The implementation ticket is here, and this also has links to all related PRs: https://github.com/floooh/sokol/issues/1244
Updated documentation sections
- in sokol_gfx.h, re-read the updated section ON COMPUTE PASSES
- if you’re not using sokol-shdc for shader compilation, also re-read the updated section ON SHADER CREATION (most of that information is only needed when not using sokol-shdc though)
- read the new doc section ON STORAGE IMAGES
An important behaviour change for immutable buffer objects
The initial ‘compute shader’ update allowed to create immutable buffers without initial data and guaranteed that the buffer content would be zero-initialized. On some backend APIs this required a temporary memory allocation of the buffer size which obviously wasn’t great.

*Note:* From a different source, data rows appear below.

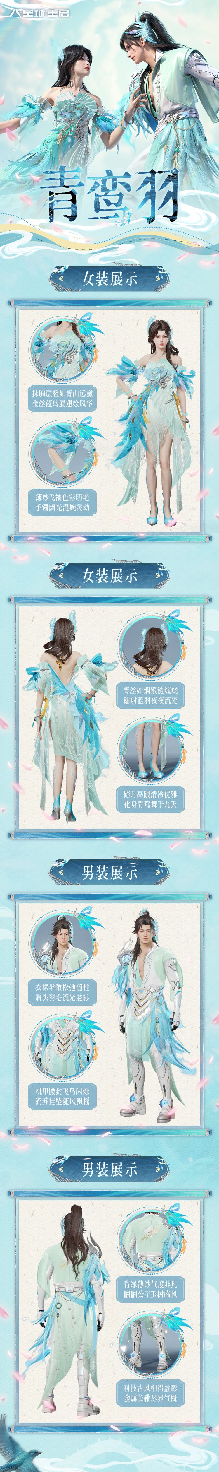 翠羽青鸾舞碧空,仙姿曼妙醉苍穹~「青鸾羽」时装包含整装、手部、鞋子、头饰共四个部位,女款抹胸长裙搭配羽毛裙摆,青翠色彩衬得人如同天上仙女;男款则为古风搭配未来感机甲,薄纱羽毛仙气飘飘,翩翩公子气质拉满。
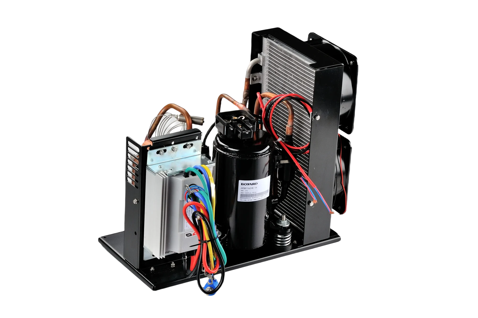 Boyard dc compressor is driven by 12V or 24V or 48V or 72V battery. The AC still runs smoothly when the truck stops the engine.
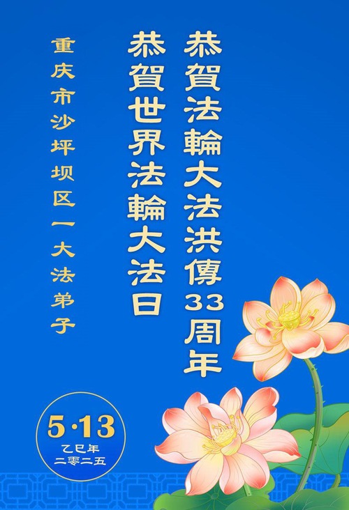 (Minghui.org) May 13, 2025, marks the 26th World Falun Dafa Day and the 33rd anniversary of the public introduction of Falun Dafa. The day is also the birthday of Master Li, the founder of Falun Dafa. Practitioners around the world are sending their heartfelt greetings to celebrate this grand occasion and honor revered Master on this special day.

This guaranteed zero-initialization has been rolled back now and the rules for creating immutable buffer objects have been changed like this:
- when creating an immutable non-storage-buffer object (e.g. the buffer cannot be written to with a compute shader), initial data must be provided
- when creating an immutable storage-buffer object, no initial data needs to provided, but in that case the buffer content will be ‘undefined’
In practice this means that when you use a compute shader to initialize storage buffer content you can no longer rely on the initial buffer content being zero-initialized, instead write all buffer items in the compute shader, even when they are supposed to be zero.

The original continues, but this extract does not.